Take some time to meditate on the slow drift away from God that in the end brought Israel to ruin and exile. Meditate on how they went off track (following wicked leaders, abandoning God’s Word, sin, and worldliness). What can you do to guard your heart against the same thing happening in your life?

Something to discuss…

In Hosea, God describes what His people are like and it is not flattering. Gomer is the prophet Hosea’s wife but she prefers the company of other men. She is unfaithful. She is an adulteress.

I can’t begin to imagine what this must have been like for Hosea. To know that your wife isn’t where she should be isn’t doing what she should be doing, while he is home with their two kids. I struggle to find words that would accurately communicate what that must have been like for him.

But through this pain, God wanted to show Hosea something profound about love, and God wants us to learn this lesson as well. Each time Gomer would leave and go after another lover, God sent Hosea to go out and find her. In some cases, he was even required to pay her debts. Then he would bring her home, clean her up and love her again.

Now, the whole story is sad and painful to think about but the story of Hosea and Gomer points beyond itself to the relationship between God and His people. At this point in Israel’s history, they have abandoned their Redeemer. They had stopped loving and worshipping Yahweh and had begun to love and worship the false gods of the pagan nations.

The metaphor is quite striking. Israel abandoned their lover and went in search of another lover.

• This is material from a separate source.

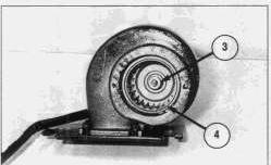 1. Remove two bolts (2), and separate blower motor assembly (1) from upper chamber assembly (3) and fuel nozzle group (4).

In response, God is going to allow judgment to fall on them in the form of discipline. Israel is going to reap what they have sown.

Hos 10:13 You have plowed iniquity; you have reaped injustice; you have eaten the fruit of lies. Because you have trusted in your own way

Yet, despite their sin and their much-deserved discipline; God still loves His people. He remembers them as a child. He remembers His love for them and there will come a day when His anger is turned from them. In that day…

Hos 14:7 They shall return and dwell beneath my shadow; they shall flourish like the grain; they shall blossom like the vine; their fame shall be like the wine of Lebanon.

What amazing love! God remains faithful even when His people are faithless. God’s steadfast love remains even when our love is directed at another. What amazing grace! Don’t move on too quickly from this truth, that God’s love for us is far greater than our sin. Find someone to discuss this with and marvel together at the goodness of God.

Something to pray about…

At some level the downfall of Israel came about because they failed to take the warnings of God seriously. God warned His people that if they were faithful to the covenant they made with Him, then He would bless them. But if they broke the covenant He was going to discipline them and that is exactly what we have seen happen.

Israel didn’t take God’s Word seriously and I don’t mean God’s Word in a general sense; what I mean is that they acted as though the specific warnings weren’t true. They didn’t think judgment would fall on them. They didn’t think that God would actually give them over to the pagan nations. They didn’t take His Word seriously.

That same problem exists today outside the church and sadly inside the church as well. In Isaiah 13:9-11, God says, “Behold, the day of the Lord comes…” In this passage, God warns the nation of Babylon that the day of judgment will fall upon sinners and on that day no one will be able to stand against God. The wrath of God is coming and our only hope, the world’s only hope, is to humble ourselves before God, repent of our sin against God and trust in Christ to save us from the guilt of our sin.

The final day of God’s judgment is yet to come, but it will come and it is closer today than when we first believed. So let’s pray for our own hearts to remain faithful to the word of God and the truth of the gospel. Pray that we would be faithful as a church to preach the message of the gospel to all. Pray for those friends and family members in your life who don’t have a relationship with Christ.